1, Define models and layers in the pad
in paste, most models are composed of a series of layers, which are the basic logical execution unit of the model. There are two aspects in the layer:
- On the one hand, the required variables are calculated and held as members of the layer in the form of temporary variables or parameters
- On the other hand, one or more specific operators are held to complete the corresponding calculation.
1. Model and layer
building variables and operators from scratch to build layers and models is a very complex process, and it is difficult to avoid a lot of redundant code. Therefore, Paddle provides the basic data type Paddle nn. Layer to facilitate you to quickly implement your own layers and models. Both models and layers can be based on padding nn. Layer extends the implementation, so it can also be said that the model is only a special layer. The following will demonstrate how to use padding nn. Layer builds its own model:
class Model(paddle.nn.Layer): def __init__(self): super(Model, self).__init__() self.flatten = paddle.nn.Flatten() def forward(self, inputs): y = self.flatten(inputs) return y
in the current example, by inheriting the pad nn. Layer builds a Model type Model, which contains only one pad nn. Flatten layer. When the Model is executed, the input variable will be padded nn. Flatten the flatten layer.
2. Test case
x = paddle.to_tensor([[1,2,3],[4,5,6]]) print(x) model = Model() y = model(x) print(y)

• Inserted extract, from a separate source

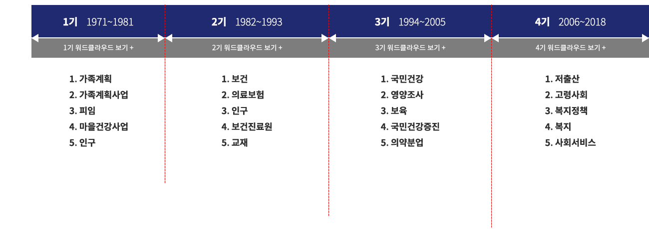 둘째는 「연구 역사」 편입니다. 이곳은 한국보건사회연구원의 역사가 한국 보건복지정책의 역사와 함께했음이 웅변으로 드러나는 곳입니다. 51년간의 사회적 변화에 따른 중점 연구의 변화 과정, 각종 국가 기본계획 수립 참여와 관련된 사실들을 체계적으로 배열하여 연관성을 생생히 보여 주고 있습니다. 그 당시 연구를 주도하였던 연구자들도 밝히고 있습니다. 나아가 한국보건사회연구원의 역할을 뛰어넘어 발전 단계별 기록과 정책 역사서도 보여 주고 있다는 점에서, 단순한 사실의 기록만이 아니라 역사적 해석을 담고 있다는 점에서 매우 값진 영역이라 할 수 있습니다. 앞으로 끊임없이 사료를 더 보충하고 다양한 연구 작업과 풍부하고 정확한 해석을 통해 더 발전시켜 나갈 영역이라는 점에서 기대되는 부분입니다. 이러한 작업을 더욱 성실히 해 나갈 것임을 약속드립니다.

Tensor(shape=[2, 3], dtype=int64, place=CPUPlace, stop_gradient=True, [[1, 2, 3], [4, 5, 6]]) Tensor(shape=[2, 3], dtype=int64, place=CPUPlace, stop_gradient=True, [[1, 2, 3], [4, 5, 6]])
what the hell is this? Why didn't the result be flattened by the layer?
modify the previous code:
class Model(paddle.nn.Layer): def __init__(self): super(Model, self).__init__() def forward(self, inputs): y = self.Flatten(inputs) return y def Flatten(self, x): xx = x.numpy().flatten() return paddle.to_tensor(xx) x = paddle.to_tensor([[1,2,3],[4,5,6]]) print(x) model = Model() y = model(x) print(y)
you can get the desired result:
Tensor(shape=[2, 3], dtype=int64, place=CPUPlace, stop_gradient=True, [[1, 2, 3], [4, 5, 6]]) Tensor(shape=[6], dtype=int64, place=CPUPlace, stop_gradient=True, [1, 2, 3, 4, 5, 6])
2, Sublayer interface
if you want to access or modify a layer defined in a model, you can call the SubLayer related interface.
1. Inheritance sublayer
take the simple model created above as an example. If you want to view all sub layers defined in the model:
class Model(paddle.nn.Layer): def __init__(self): super(Model, self).__init__() self.flatten = paddle.nn.Flatten() def forward(self, inputs): y = self.Flatten(inputs) return y
[Flatten()] ---------------------- ('flatten', Flatten())
to see, by calling model Sublayers () interface, which prints out all the sublayers held in the previous model (at this time, there is only one paddle. NN. Flat sublayer in the model).
and traverse the model named_ Sublayers (), a set of tuples (sublayer name ('flat ') and sublayer object (padding. NN. Flat)) will be obtained in each cycle.
add a layer in self below to see more layers.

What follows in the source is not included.